Begitu pun parpol menengah yang perolehan suaranya tak cukup signifikan untuk mengusung capres sendiri, namun cukup lumayan untuk menggenapi persyaratan Presidential Treshold – yaitu 25% suara sah nasional pada Pemilu 2014 atau 20% perolehan kursi DPR RI 2014 – juga akan mengambil keuntungan dari jeda waktu antara Pileg dan Pilpres. Seperti tahun-tahun sebelumnya (2004 dan 2009) mereka akan segera kasak-kusuk mencari mitra koalisi atas dasar pragmatisme politis yang sempit, bukan atas dasar ideologi. Bahkan tak jarang suatu parpol bermain di dua kaki atau lebih. Mereka melakukan pendekatan dan pembicaraan dengan lebih dari satu parpol besar yang sudah memiliki Capres, lalu bernegosiasi, mana yang lebih menguntungkan, itu yang akhirnya didukung. Poltik transaksional, sekian persen perolehan suara sah nasional, yang tak lain adalah suara rakyat pemilih, “ditukar” dengan jatah sekian kursi Menteri bahkan sampai privelege untuk memilih pos Kementrian mana yang diincar parpol A dan mana yang jadi jatah parpol B.

1390538756965725418
Para pemohon uji materi UU Pilpres (foto : www.tribunnews.com)

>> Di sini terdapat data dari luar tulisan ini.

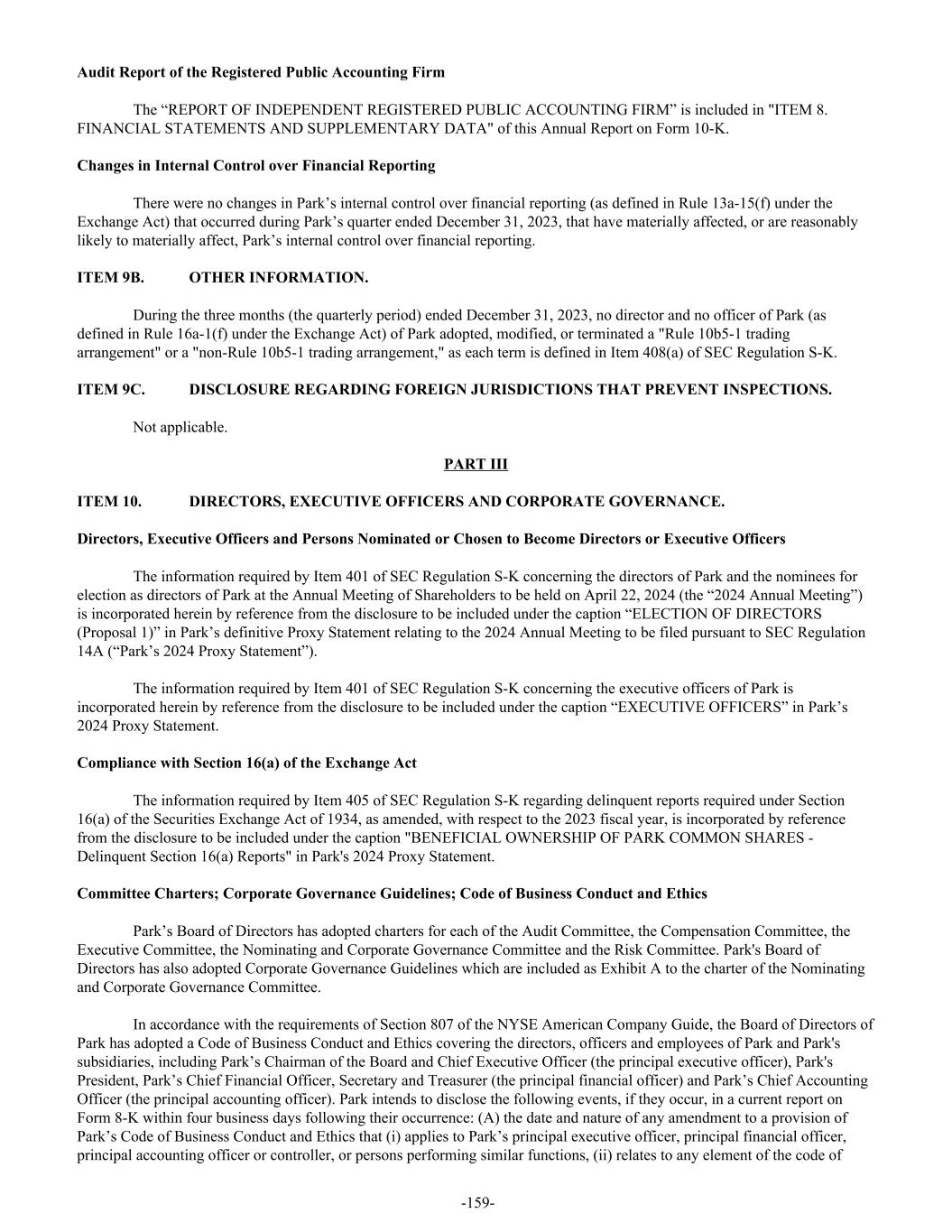 Audit Report of the Registered Public Accounting Firm The “REPORT OF INDEPENDENT REGISTERED PUBLIC ACCOUNTING FIRM” is included in "ITEM 8. FINANCIAL STATEMENTS AND SUPPLEMENTARY DATA" of this Annual Report on Form 10-K. Changes in Internal Control over Financial Reporting There were no changes in Park’s internal control over financial reporting (as defined in Rule 13a-15(f) under the Exchange Act) that occurred during Park’s quarter ended December 31, 2023, that have materially affected, or are reasonably likely to materially affect, Park’s internal control over financial reporting. ITEM 9B. OTHER INFORMATION. During the three months (the quarterly period) ended December 31, 2023, no director and no officer of Park (as defined in Rule 16a-1(f) under the Exchange Act) of Park adopted, modified, or terminated a "Rule 10b5-1 trading arrangement" or a "non-Rule 10b5-1 trading arrangement," as each term is defined in Item 408(a) of SEC Regulation S-K. ITEM 9C. DISCLOSURE REGARDING FOREIGN JURISDICTIONS THAT PREVENT INSPECTIONS. Not applicable. PART III ITEM 10. DIRECTORS, EXECUTIVE OFFICERS AND CORPORATE GOVERNANCE. Directors, Executive Officers and Persons Nominated or Chosen to Become Directors or Executive Officers The information required by Item 401 of SEC Regulation S-K concerning the directors of Park and the nominees for election as directors of Park at the Annual Meeting of Shareholders to be held on April 22, 2024 (the “2024 Annual Meeting”) is incorporated herein by reference from the disclosure to be included under the caption “ELECTION OF DIRECTORS (Proposal 1)” in Park’s definitive Proxy Statement relating to the 2024 Annual Meeting to be filed pursuant to SEC Regulation 14A (“Park’s 2024 Proxy Statement”). The information required by Item 401 of SEC Regulation S-K concerning the executive officers of Park is incorporated herein by reference from the disclosure to be included under the caption “EXECUTIVE OFFICERS” in Park’s 2024 Proxy Statement. Compliance with Section 16(a) of the Exchange Act The information required by Item 405 of SEC Regulation S-K regarding delinquent reports required under Section 16(a) of the Securities Exchange Act of 1934, as amended, with respect to the 2023 fiscal year, is incorporated by reference from the disclosure to be included under the caption "BENEFICIAL OWNERSHIP OF PARK COMMON SHARES - Delinquent Section 16(a) Reports" in Park's 2024 Proxy Statement. Committee Charters; Corporate Governance Guidelines; Code of Business Conduct and Ethics Park’s Board of Directors has adopted charters for each of the Audit Committee, the Compensation Committee, the Executive Committee, the Nominating and Corporate Governance Committee and the Risk Committee. Park's Board of Directors has also adopted Corporate Governance Guidelines which are included as Exhibit A to the charter of the Nominating and Corporate Governance Committee. In accordance with the requirements of Section 807 of the NYSE American Company Guide, the Board of Directors of Park has adopted a Code of Business Conduct and Ethics covering the directors, officers and employees of Park and Park's subsidiaries, including Park’s Chairman of the Board and Chief Executive Officer (the principal executive officer), Park's President, Park’s Chief Financial Officer, Secretary and Treasurer (the principal financial officer) and Park’s Chief Accounting Officer (the principal accounting officer). Park intends to disclose the following events, if they occur, in a current report on Form 8-K within four business days following their occurrence: (A) the date and nature of any amendment to a provision of Park’s Code of Business Conduct and Ethics that (i) applies to Park’s principal executive officer, principal financial officer, principal accounting officer or controller, or persons performing similar functions, (ii) relates to any element of the code of -159-

Sesungguhnya, dengan adanya jeda 3 bulan antara Pileg dan Pilpres, inilah keuntungan politis bagi parpol. Sekarang teknologi hitung cepat sudah sangat canggih dan diakui akurasinya, sudah terbukti dalam berbagai ajang Pilkada dan 2x Pilpres sebelumnya. Jadi, untuk tahu perolehan suara parpol tak perlu menunggu sampai KPU mengetuk palu. Sore hari pada 9 April 2014, sudah bisa diprediksi berapa prosentase perolehan 12 parpol nasional. Dan sejak malam itulah dimulai gerilya lobbying, kasak-kusuk, mencoba mendesakkan agar Capres mereka bisa jadi Cawapres dari parpol yang lebih besar perolehannya, meminta jatah kursi di Kabinet untuk Ketua Umum parpol dan elite politiknya, dll. Nah, siapa yang diuntungkan dengan putusan MK? Waspadai parpol besar dan menengah yang sampai saat ini masih merahasiakan Capresnya atau tak mau menetapkan Capres sebelum Pileg 2014. Sebab parpol-parpol itulah yang punya kemungkinan mentransaksikan suara pemilih menjadi koalisi pragmatis demi kepentingan elite politiknya.